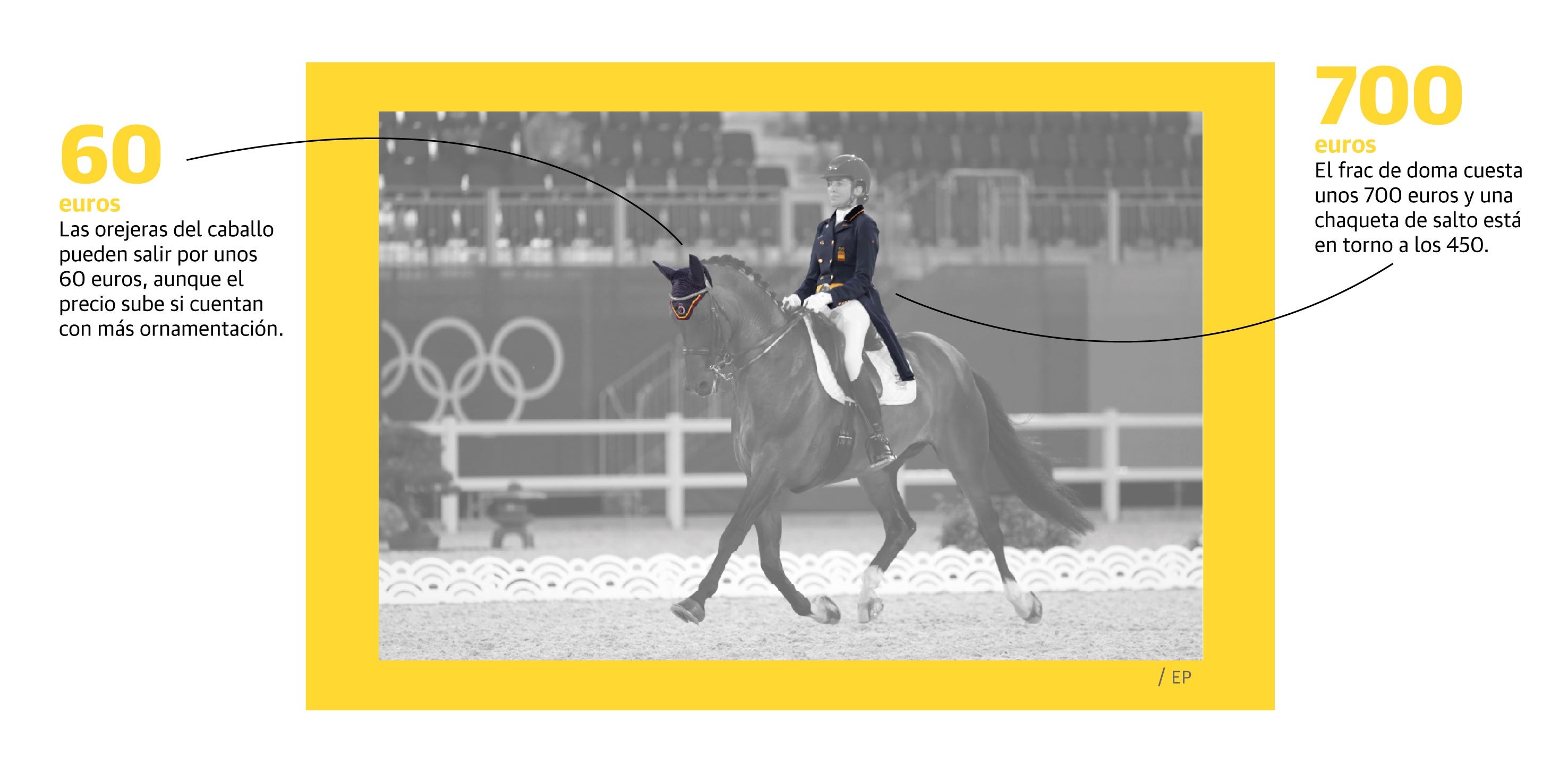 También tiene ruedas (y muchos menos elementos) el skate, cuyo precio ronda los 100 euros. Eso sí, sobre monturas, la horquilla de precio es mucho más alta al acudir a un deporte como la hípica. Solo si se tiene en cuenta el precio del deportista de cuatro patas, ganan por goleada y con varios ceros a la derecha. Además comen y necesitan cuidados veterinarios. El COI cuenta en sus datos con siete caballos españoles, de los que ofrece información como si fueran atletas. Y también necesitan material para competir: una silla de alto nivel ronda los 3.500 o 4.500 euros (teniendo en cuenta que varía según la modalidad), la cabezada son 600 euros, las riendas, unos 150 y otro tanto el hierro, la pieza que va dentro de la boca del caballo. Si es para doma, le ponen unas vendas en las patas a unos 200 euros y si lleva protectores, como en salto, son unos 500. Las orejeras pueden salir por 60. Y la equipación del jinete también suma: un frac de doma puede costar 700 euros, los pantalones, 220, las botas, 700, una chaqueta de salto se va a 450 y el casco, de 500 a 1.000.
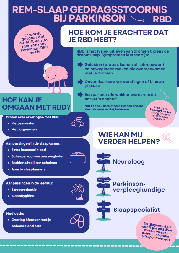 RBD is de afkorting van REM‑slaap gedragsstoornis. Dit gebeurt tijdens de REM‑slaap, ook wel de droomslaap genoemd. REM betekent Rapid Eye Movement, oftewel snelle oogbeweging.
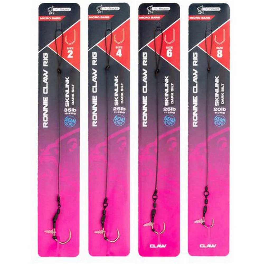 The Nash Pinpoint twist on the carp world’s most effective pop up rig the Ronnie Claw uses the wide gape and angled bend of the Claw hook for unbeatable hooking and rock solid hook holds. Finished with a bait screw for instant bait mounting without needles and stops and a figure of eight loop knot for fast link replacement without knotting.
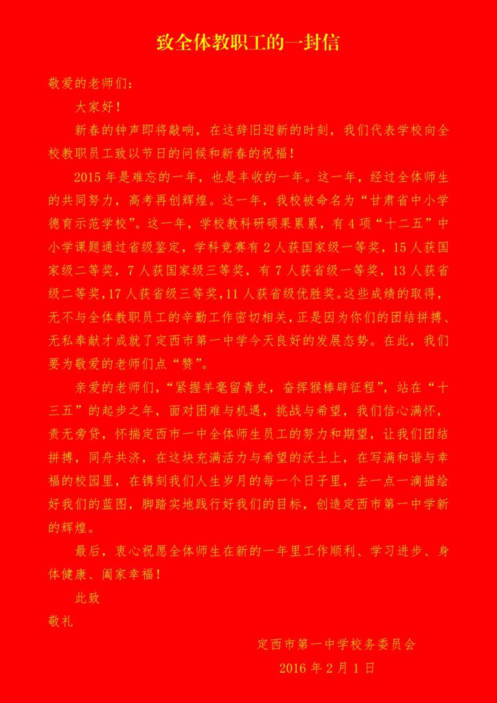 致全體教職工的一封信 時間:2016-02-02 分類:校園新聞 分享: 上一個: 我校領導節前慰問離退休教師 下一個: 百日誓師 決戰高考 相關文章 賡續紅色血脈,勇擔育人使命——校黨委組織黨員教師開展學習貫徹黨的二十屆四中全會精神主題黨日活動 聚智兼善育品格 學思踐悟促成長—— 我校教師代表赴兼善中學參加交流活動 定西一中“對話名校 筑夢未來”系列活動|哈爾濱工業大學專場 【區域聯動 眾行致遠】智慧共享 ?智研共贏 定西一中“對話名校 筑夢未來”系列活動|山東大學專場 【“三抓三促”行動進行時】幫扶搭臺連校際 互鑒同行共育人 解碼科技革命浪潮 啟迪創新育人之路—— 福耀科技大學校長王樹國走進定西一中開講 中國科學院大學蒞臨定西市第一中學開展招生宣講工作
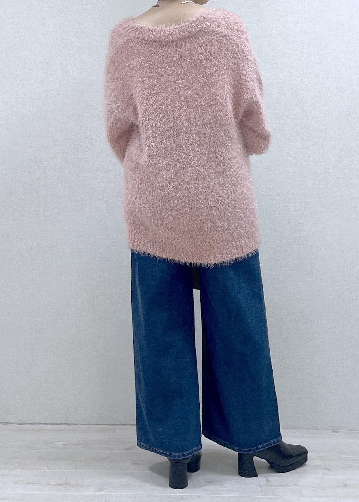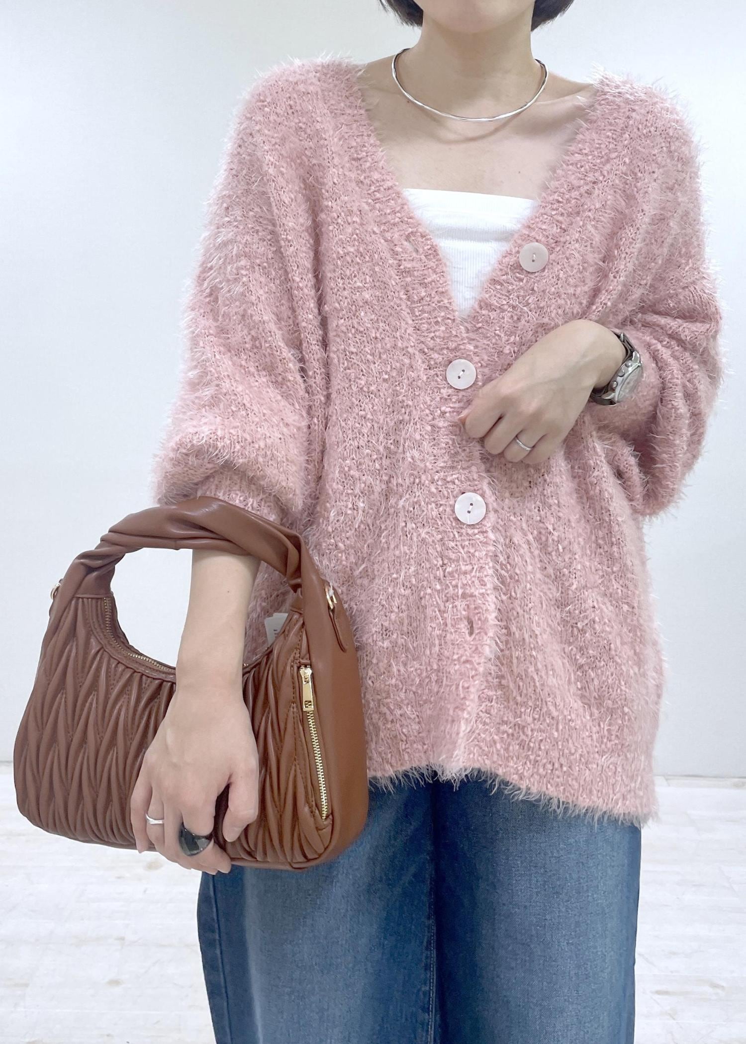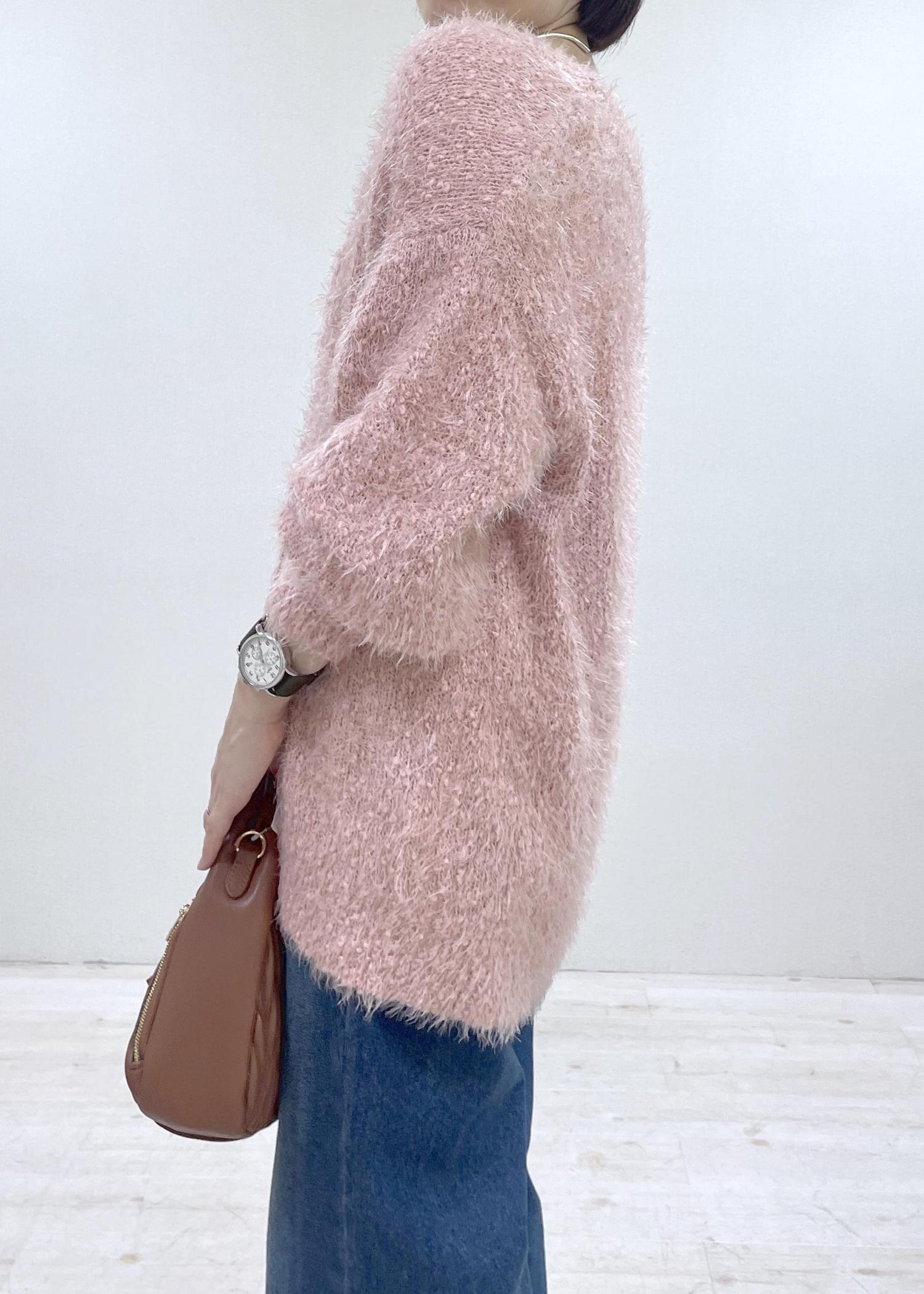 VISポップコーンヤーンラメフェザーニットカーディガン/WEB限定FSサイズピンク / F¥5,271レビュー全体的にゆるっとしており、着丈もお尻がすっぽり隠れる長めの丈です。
======
#### [Task directions]
Pictures stay out of the copy. Reproduce exactly the lines from the one containing "RBD is de afkorting" through the last line of the records above, both included.

#### [Answer box]
 RBD is de afkorting van REM‑slaap gedragsstoornis. Dit gebeurt tijdens de REM‑slaap, ook wel de droomslaap genoemd. REM betekent Rapid Eye Movement, oftewel snelle oogbeweging.
 The Nash Pinpoint twist on the carp world’s most effective pop up rig the Ronnie Claw uses the wide gape and angled bend of the Claw hook for unbeatable hooking and rock solid hook holds. Finished with a bait screw for instant bait mounting without needles and stops and a figure of eight loop knot for fast link replacement without knotting.
 致全體教職工的一封信 時間:2016-02-02 分類:校園新聞 分享: 上一個: 我校領導節前慰問離退休教師 下一個: 百日誓師 決戰高考 相關文章 賡續紅色血脈,勇擔育人使命——校黨委組織黨員教師開展學習貫徹黨的二十屆四中全會精神主題黨日活動 聚智兼善育品格 學思踐悟促成長—— 我校教師代表赴兼善中學參加交流活動 定西一中“對話名校 筑夢未來”系列活動|哈爾濱工業大學專場 【區域聯動 眾行致遠】智慧共享 ?智研共贏 定西一中“對話名校 筑夢未來”系列活動|山東大學專場 【“三抓三促”行動進行時】幫扶搭臺連校際 互鑒同行共育人 解碼科技革命浪潮 啟迪創新育人之路—— 福耀科技大學校長王樹國走進定西一中開講 中國科學院大學蒞臨定西市第一中學開展招生宣講工作
 VISポップコーンヤーンラメフェザーニットカーディガン/WEB限定FSサイズピンク / F¥5,271レビュー全体的にゆるっとしており、着丈もお尻がすっぽり隠れる長めの丈です。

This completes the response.